> [WORK TASK] Could you restate word for word each line from the top of the listing below through the line containing "Dieser Vorhang im"? Keep the pictures out.

--

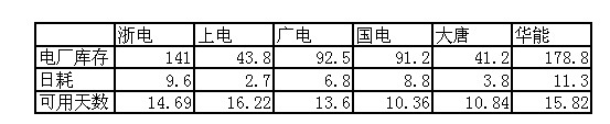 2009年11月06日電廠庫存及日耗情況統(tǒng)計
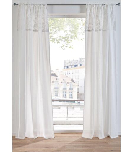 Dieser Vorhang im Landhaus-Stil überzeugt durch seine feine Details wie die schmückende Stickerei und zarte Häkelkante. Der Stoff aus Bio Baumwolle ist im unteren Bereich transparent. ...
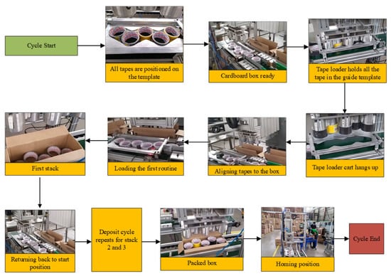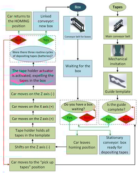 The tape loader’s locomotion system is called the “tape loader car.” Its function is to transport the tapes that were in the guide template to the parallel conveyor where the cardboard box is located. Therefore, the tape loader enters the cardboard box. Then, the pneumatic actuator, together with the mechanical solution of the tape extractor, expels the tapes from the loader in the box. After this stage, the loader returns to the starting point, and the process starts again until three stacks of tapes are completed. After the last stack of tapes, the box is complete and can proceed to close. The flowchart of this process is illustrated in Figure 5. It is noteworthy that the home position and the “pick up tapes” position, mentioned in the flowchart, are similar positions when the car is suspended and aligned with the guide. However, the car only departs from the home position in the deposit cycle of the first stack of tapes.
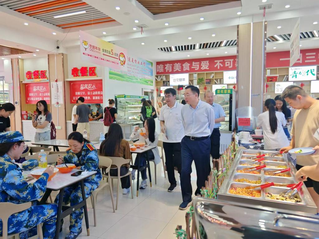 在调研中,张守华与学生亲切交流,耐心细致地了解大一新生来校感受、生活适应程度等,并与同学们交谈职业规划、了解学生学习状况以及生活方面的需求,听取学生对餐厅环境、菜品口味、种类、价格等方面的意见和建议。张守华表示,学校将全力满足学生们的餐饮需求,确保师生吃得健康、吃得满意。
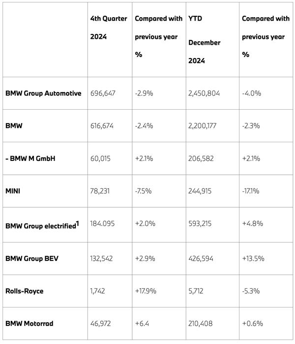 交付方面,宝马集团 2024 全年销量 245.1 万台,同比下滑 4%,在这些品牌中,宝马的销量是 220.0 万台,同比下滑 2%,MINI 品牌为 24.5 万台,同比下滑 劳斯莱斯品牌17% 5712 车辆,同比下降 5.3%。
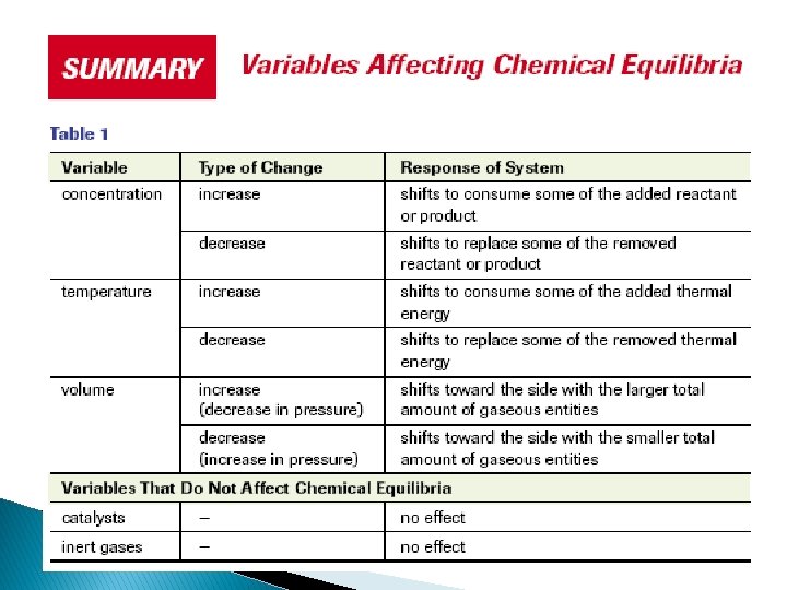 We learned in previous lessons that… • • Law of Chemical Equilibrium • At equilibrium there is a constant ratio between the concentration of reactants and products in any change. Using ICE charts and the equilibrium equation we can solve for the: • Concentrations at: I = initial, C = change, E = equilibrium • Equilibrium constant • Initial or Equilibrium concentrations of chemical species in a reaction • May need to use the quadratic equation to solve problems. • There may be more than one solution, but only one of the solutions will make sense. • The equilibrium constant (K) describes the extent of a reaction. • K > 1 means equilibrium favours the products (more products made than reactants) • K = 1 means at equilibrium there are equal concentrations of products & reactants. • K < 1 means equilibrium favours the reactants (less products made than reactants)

--

> [EXERCISE OUTPUT]
 2009年11月06日電廠庫存及日耗情況統(tǒng)計
 Dieser Vorhang im Landhaus-Stil überzeugt durch seine feine Details wie die schmückende Stickerei und zarte Häkelkante. Der Stoff aus Bio Baumwolle ist im unteren Bereich transparent. ...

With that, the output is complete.